What to work on
An exact copy of the lines of the listing below between the "女宝宝连衣裙套装秋装背带裙一三5四岁女童春秋长袖T恤裙子两件套" line and the "Excel is een" line, both included, is the whole answer; please omit the pictures.

Data provided

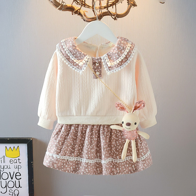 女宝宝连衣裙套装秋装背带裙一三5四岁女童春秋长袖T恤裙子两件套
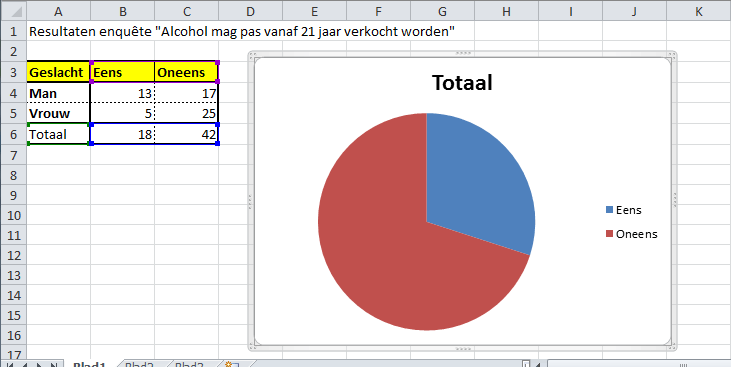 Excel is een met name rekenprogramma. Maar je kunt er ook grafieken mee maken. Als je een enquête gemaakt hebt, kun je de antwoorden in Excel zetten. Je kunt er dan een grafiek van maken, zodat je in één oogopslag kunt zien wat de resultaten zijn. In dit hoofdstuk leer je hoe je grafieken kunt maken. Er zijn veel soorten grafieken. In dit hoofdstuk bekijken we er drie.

==

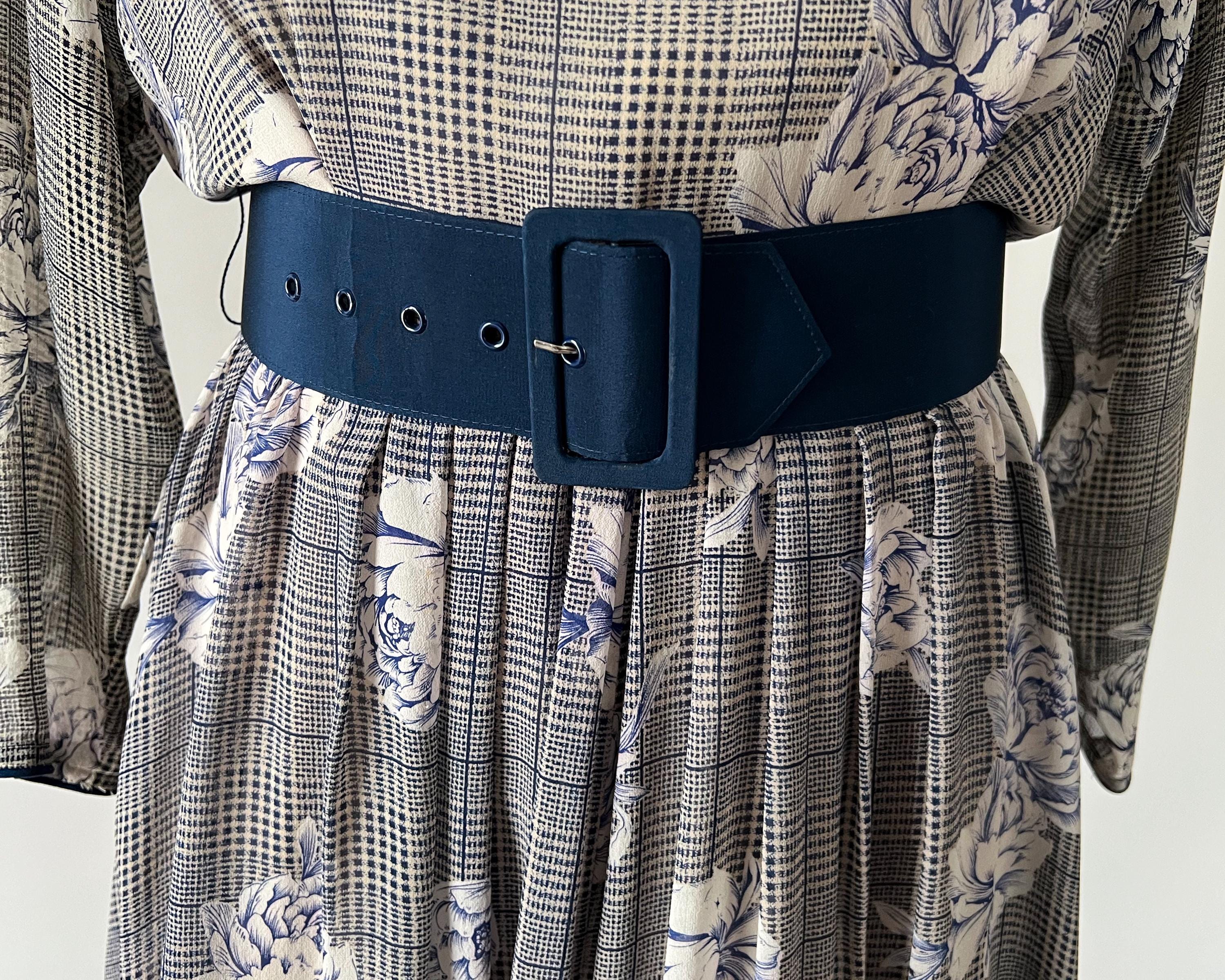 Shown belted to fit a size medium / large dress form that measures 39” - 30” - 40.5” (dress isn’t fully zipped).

Solution for this task
 女宝宝连衣裙套装秋装背带裙一三5四岁女童春秋长袖T恤裙子两件套
 Excel is een met name rekenprogramma. Maar je kunt er ook grafieken mee maken. Als je een enquête gemaakt hebt, kun je de antwoorden in Excel zetten. Je kunt er dan een grafiek van maken, zodat je in één oogopslag kunt zien wat de resultaten zijn. In dit hoofdstuk leer je hoe je grafieken kunt maken. Er zijn veel soorten grafieken. In dit hoofdstuk bekijken we er drie.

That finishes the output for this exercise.